THE TASK: Drop the images. Copy every line below character for character.

DATA EXTRACT:
****

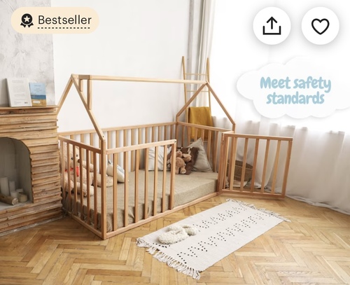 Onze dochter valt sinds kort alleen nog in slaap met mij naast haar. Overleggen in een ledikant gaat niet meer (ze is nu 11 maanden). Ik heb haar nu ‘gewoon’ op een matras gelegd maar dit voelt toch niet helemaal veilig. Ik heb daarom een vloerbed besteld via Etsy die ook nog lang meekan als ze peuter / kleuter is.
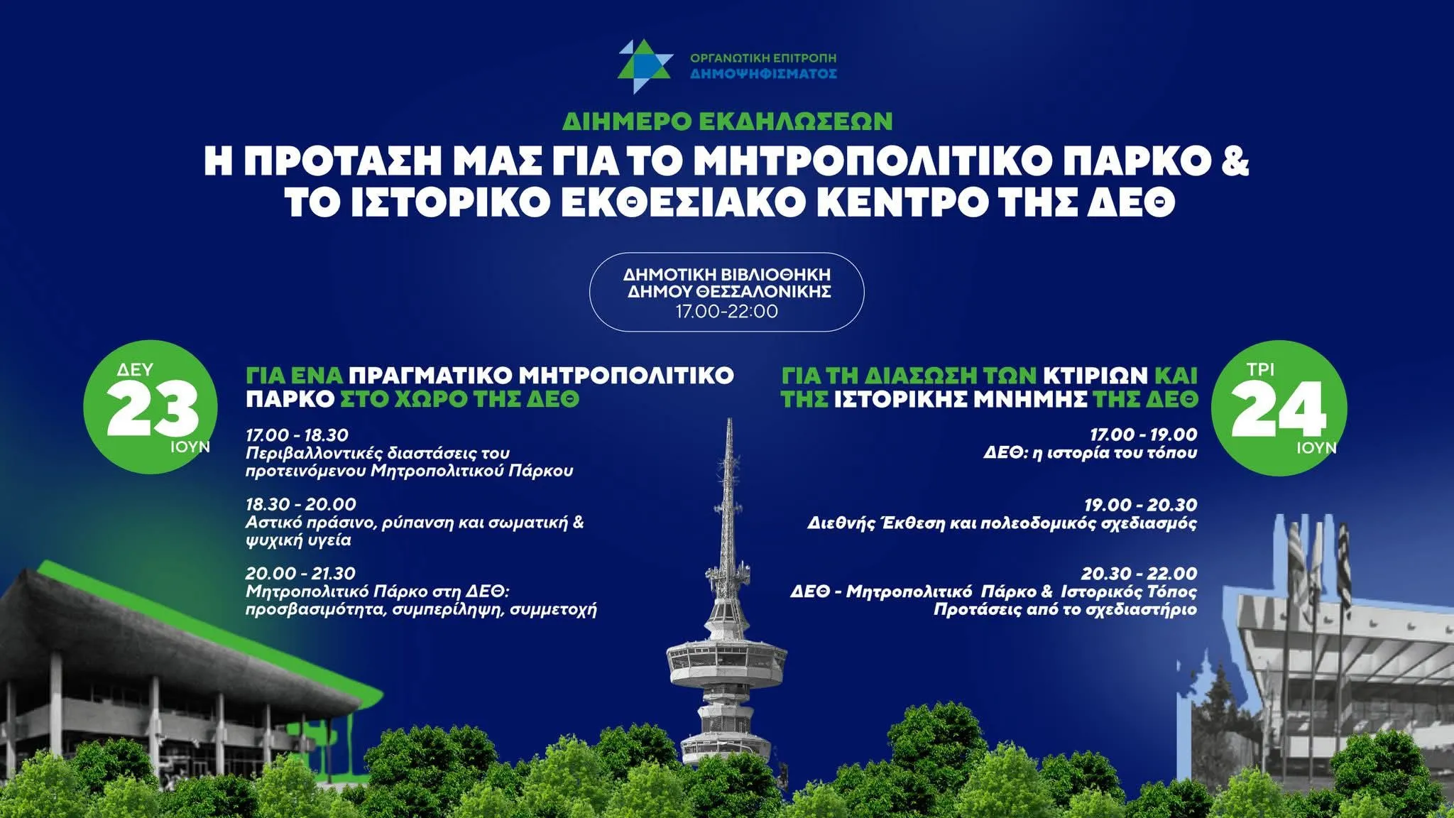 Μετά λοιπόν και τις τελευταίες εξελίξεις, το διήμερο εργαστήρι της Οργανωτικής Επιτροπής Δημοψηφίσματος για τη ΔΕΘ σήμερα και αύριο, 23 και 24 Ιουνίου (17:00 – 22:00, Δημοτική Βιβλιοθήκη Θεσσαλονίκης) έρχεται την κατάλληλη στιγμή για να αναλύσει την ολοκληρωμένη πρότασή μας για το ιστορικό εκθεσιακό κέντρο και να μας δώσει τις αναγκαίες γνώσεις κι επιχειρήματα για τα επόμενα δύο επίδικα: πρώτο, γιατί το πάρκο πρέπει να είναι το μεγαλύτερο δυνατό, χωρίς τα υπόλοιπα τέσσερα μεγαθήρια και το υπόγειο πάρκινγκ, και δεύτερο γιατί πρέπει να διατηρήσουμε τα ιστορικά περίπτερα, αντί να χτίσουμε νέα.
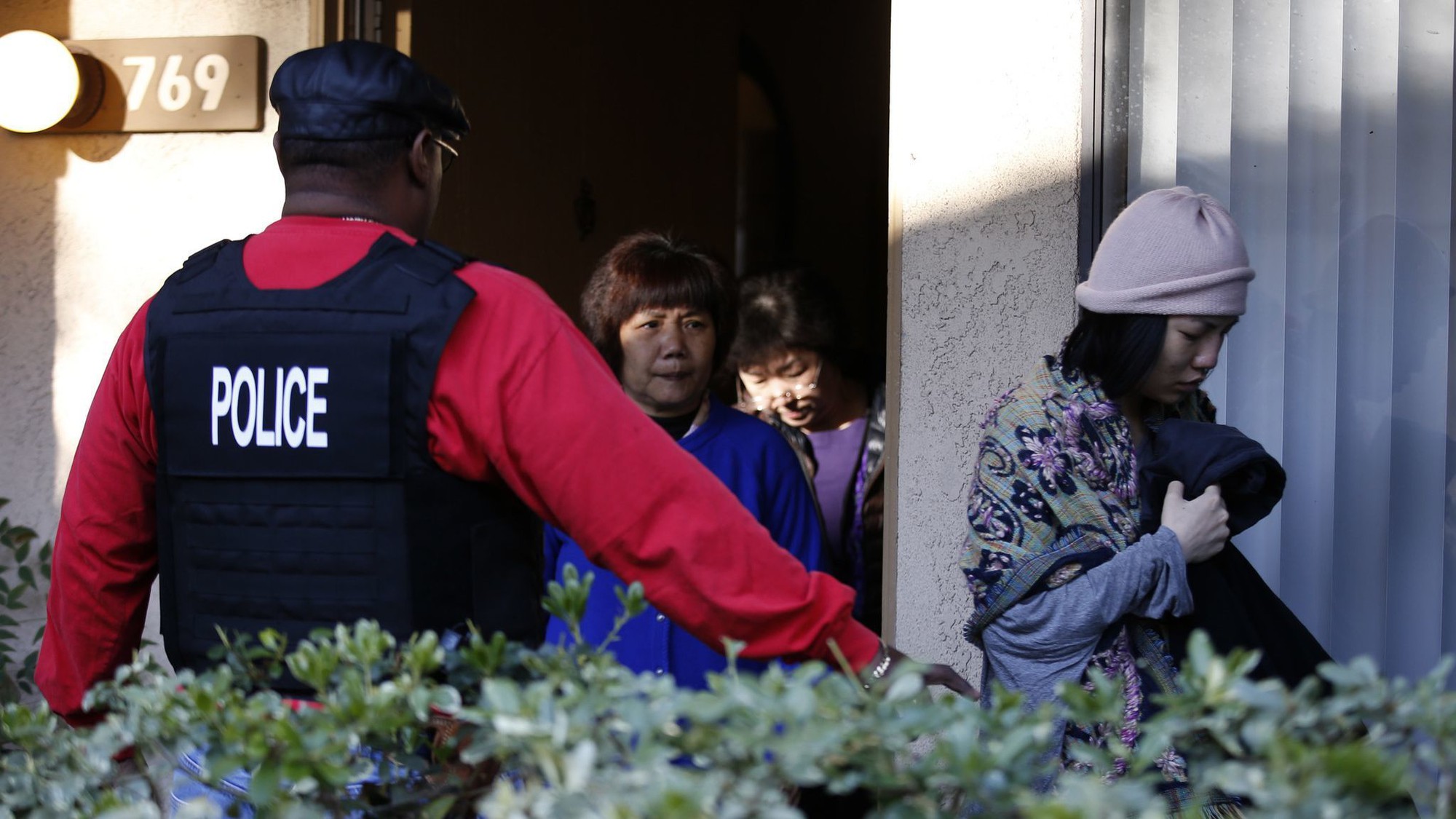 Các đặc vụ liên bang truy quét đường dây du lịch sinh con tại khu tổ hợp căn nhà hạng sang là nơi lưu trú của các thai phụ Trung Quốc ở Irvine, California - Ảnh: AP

****

ANSWER FOR THIS EXERCISE:
 Onze dochter valt sinds kort alleen nog in slaap met mij naast haar. Overleggen in een ledikant gaat niet meer (ze is nu 11 maanden). Ik heb haar nu ‘gewoon’ op een matras gelegd maar dit voelt toch niet helemaal veilig. Ik heb daarom een vloerbed besteld via Etsy die ook nog lang meekan als ze peuter / kleuter is.
 Μετά λοιπόν και τις τελευταίες εξελίξεις, το διήμερο εργαστήρι της Οργανωτικής Επιτροπής Δημοψηφίσματος για τη ΔΕΘ σήμερα και αύριο, 23 και 24 Ιουνίου (17:00 – 22:00, Δημοτική Βιβλιοθήκη Θεσσαλονίκης) έρχεται την κατάλληλη στιγμή για να αναλύσει την ολοκληρωμένη πρότασή μας για το ιστορικό εκθεσιακό κέντρο και να μας δώσει τις αναγκαίες γνώσεις κι επιχειρήματα για τα επόμενα δύο επίδικα: πρώτο, γιατί το πάρκο πρέπει να είναι το μεγαλύτερο δυνατό, χωρίς τα υπόλοιπα τέσσερα μεγαθήρια και το υπόγειο πάρκινγκ, και δεύτερο γιατί πρέπει να διατηρήσουμε τα ιστορικά περίπτερα, αντί να χτίσουμε νέα.
 Các đặc vụ liên bang truy quét đường dây du lịch sinh con tại khu tổ hợp căn nhà hạng sang là nơi lưu trú của các thai phụ Trung Quốc ở Irvine, California - Ảnh: AP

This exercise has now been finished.